Foamix Pharmaceuticals Ltd. (NASDAQ:FOMX)
Q3 2016 Results Earnings Conference Call
November 16, 2016 8:30 a.m. ET
Michael Wood - IR, LifeSci Advisors
Dov Tamarkin - Chief Executive Officer
David Domzalski - President, US Subsidiary
Ilan Hadar - Chief Financial Officer
Louise Chen - Guggenheim
Morgan Williams - Barclays Capital
Ken Cacciatore - Cowen and Company
Good day and welcome to the Foamix Pharmaceuticals Third Quarter 2016 Earnings Call. Today’s conference is being recorded. And at this time, I would like to turn it over to Mr. Michael Wood of LifeSci Advisors. Please go ahead.
Thank you, operator, and thank you all for participating in today’s conference call. Last night, Foamix released financial results and provided a business update for the third quarter ended September 30, 2016. If you did not yet receive the press release, it’s available on the Investor Relations page of the Foamix Web site at foamixpharma.com. This call is being recorded and webcast and a replay will be available on the company’s Web site for the next two weeks.
Before we begin, the company would like to remind you that some of the information contained in the news release and on the conference call contain forward-looking statements that involve risks, uncertainties and assumptions that are difficult to predict. Words that express and reflect optimism, satisfaction with current progress, prospects or projections, as well as words such as believe, intend, expect, plan, anticipate and similar variations identify forward-looking statements but their absence does not mean that the statement is not forward-looking.
Such forward-looking statements are not a guarantee of performance and the company’s actual results could differ materially from those contained in such statements. Several factors that could cause or contribute to such differences are described in detail in the Foamix’s filings with the SEC. These forward-looking statements speak only as of the date of today’s press release and the conference call, and the company undertakes no obligation to publicly update any forward-looking statements or supply new information regarding the circumstances after the date of the release and conference call.
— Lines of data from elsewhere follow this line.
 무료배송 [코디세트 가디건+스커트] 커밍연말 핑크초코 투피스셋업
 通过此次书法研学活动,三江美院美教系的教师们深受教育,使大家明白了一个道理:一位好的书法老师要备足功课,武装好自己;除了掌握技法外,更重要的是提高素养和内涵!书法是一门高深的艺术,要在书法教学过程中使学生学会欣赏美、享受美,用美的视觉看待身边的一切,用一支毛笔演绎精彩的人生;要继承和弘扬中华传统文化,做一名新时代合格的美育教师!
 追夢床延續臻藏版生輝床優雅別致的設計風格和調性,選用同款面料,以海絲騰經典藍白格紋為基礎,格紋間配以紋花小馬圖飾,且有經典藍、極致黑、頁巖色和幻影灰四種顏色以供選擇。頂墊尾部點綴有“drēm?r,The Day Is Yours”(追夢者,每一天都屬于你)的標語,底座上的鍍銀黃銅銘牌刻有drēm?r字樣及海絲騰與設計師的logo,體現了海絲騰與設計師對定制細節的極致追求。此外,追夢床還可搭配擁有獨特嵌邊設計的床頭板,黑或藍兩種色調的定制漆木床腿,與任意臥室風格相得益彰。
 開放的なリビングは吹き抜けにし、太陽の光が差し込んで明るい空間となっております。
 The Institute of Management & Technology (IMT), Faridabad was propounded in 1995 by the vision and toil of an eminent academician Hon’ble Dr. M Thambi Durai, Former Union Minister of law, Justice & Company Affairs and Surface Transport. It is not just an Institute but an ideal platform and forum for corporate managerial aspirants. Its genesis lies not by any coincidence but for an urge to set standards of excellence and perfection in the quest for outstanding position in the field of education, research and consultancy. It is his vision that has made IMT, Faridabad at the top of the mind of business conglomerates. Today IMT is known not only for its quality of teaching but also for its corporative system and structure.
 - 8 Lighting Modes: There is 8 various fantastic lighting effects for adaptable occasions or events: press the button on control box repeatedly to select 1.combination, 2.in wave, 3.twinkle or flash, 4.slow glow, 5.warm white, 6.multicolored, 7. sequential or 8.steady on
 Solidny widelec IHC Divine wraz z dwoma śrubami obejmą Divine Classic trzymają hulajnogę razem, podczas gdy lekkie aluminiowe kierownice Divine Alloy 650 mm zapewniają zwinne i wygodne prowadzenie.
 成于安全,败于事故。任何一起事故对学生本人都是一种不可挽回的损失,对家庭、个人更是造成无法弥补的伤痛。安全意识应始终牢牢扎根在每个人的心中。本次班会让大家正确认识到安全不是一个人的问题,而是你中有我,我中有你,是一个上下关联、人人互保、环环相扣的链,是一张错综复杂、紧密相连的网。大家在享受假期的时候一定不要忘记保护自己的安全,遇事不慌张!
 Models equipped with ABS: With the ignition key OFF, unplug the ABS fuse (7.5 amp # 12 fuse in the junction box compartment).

Participating in today’s call are Dr. Dov Tamarkin, Chief Executive Officer of Foamix, Dave Domzalski, President of Foamix’s U.S. Subsidiary, and Ilan Hadar, Chief Financial Officer of the company.
With that, I would like to turn the call over to Dr. Tamarkin. Dov, please go ahead.
Thank you, Michael, and good morning to everyone joining our call today. We appreciate the opportunity to review our third quarter financials and provide you with a corporate update.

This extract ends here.